IndiaAI, a  a body created by India’s IT ministry, has released a report that seeks to not only lay down a framework for data management for use of generative AI in government services, but also increase the country’s supercomputing infrastructure.

As part of the report, the expert committee has suggested that the country needs to set up an initiative, dubbed FutureLab AI, to upgrade its existing compute infrastructure for AI via a public-private partnership model.

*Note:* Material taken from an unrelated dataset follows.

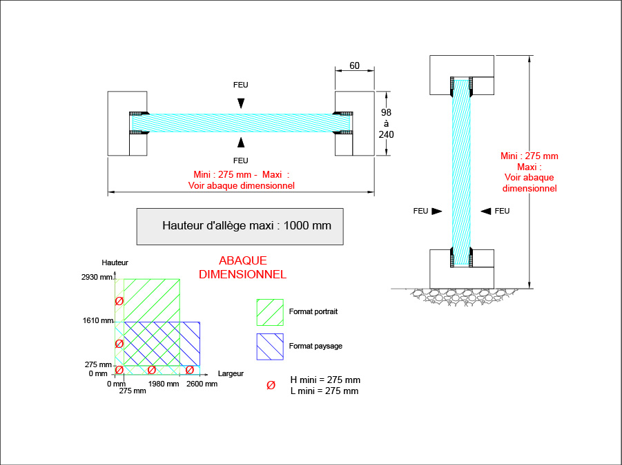 Dimensions maximales du vitrage format paysage : (H x L) 1540 x 2530 mm

“The overarching infrastructure comprises of the three-layered systems, high-end compute infrastructure, inference arm, and edge compute that are strategically distributed to meet users’ computational requirements efficiently,” the committee wrote.

High-end compute, according to the committee, refers to systems that will be used for handling computationally intensive tasks like AI model mixed-precision training, pre-training and fine-tuning, and large-scale model training.

For this purpose, it has recommended the use of what it describes as a tier-1 facility, which would  boast 40 Exaflops of AI computing power, driven by 10,000 graphics processing units (GPUs) in a single cluster.

The tier-1 facility is expected have high-performance storage of 200 petabytes.

For a second-tier facility, which would service inferencing, or operational, processes, the committee has suggested the use of 3 Exaflops of AI computing power, driven by 750 GPUs. This tier is planned to support 400 petabytes of high-performance storage.

The second tier, according to  the committee, should be strategically distributed across four geographical centers in India, in the north, south, east, and west.

“Tier 2 centers support both AI training and inferencing tasks for their respective regions, reducing latency and improving accessibility to AI resources,” the committee wrote.

For edge computing, the committee suggests the use of 500 Petaflops of AI computing power, driven by 750 GPUs for AI training and an additional 500 GPUs for inferencing tasks. It has also recommended that these systems be placed across 12 geographically diverse regions.

Altogether, the committee has recommended the use of 14,500 GPUs with 58 Exaflops for AI training performance and 10,00 GPUs with 22 Exaflops for AI inferencing performance, bringing the total count to 24,500 GPUs with 80 Exaflops of computing power.

The total high-performance storage recommended by the committee stands at 840 petabytes.

India lags in supercomputing power

However, when compared with other countries, such as the US and China, India is far behind in terms of supercomputing infrastructure that can support AI-related workoads, a report from OCED quoted by the expert committee showed.

While India presently has just 3 supercomputers, China and the US have 162 and 127 supercomputers, respectively.

“The People’s Republic of China has the largest share, accounting for 32% of the top supercomputers. Following China, the United States holds 25%, Germany 7%, Japan 6%, France 5%, and the United Kingdom 3% of the top super computers,” the committee wrote.

The committee has also suggested the use of a data management framework, dubbed India Data Platform (IDP).

The IDP, according to the committee, is expected to contribute to the growth of India’s AI ecosystem by providing access to diverse and quality data sets, facilitating data collaboration, enabling data-driven AI models, accelerating AI research and development, and enabling the government to become a data-driven organization.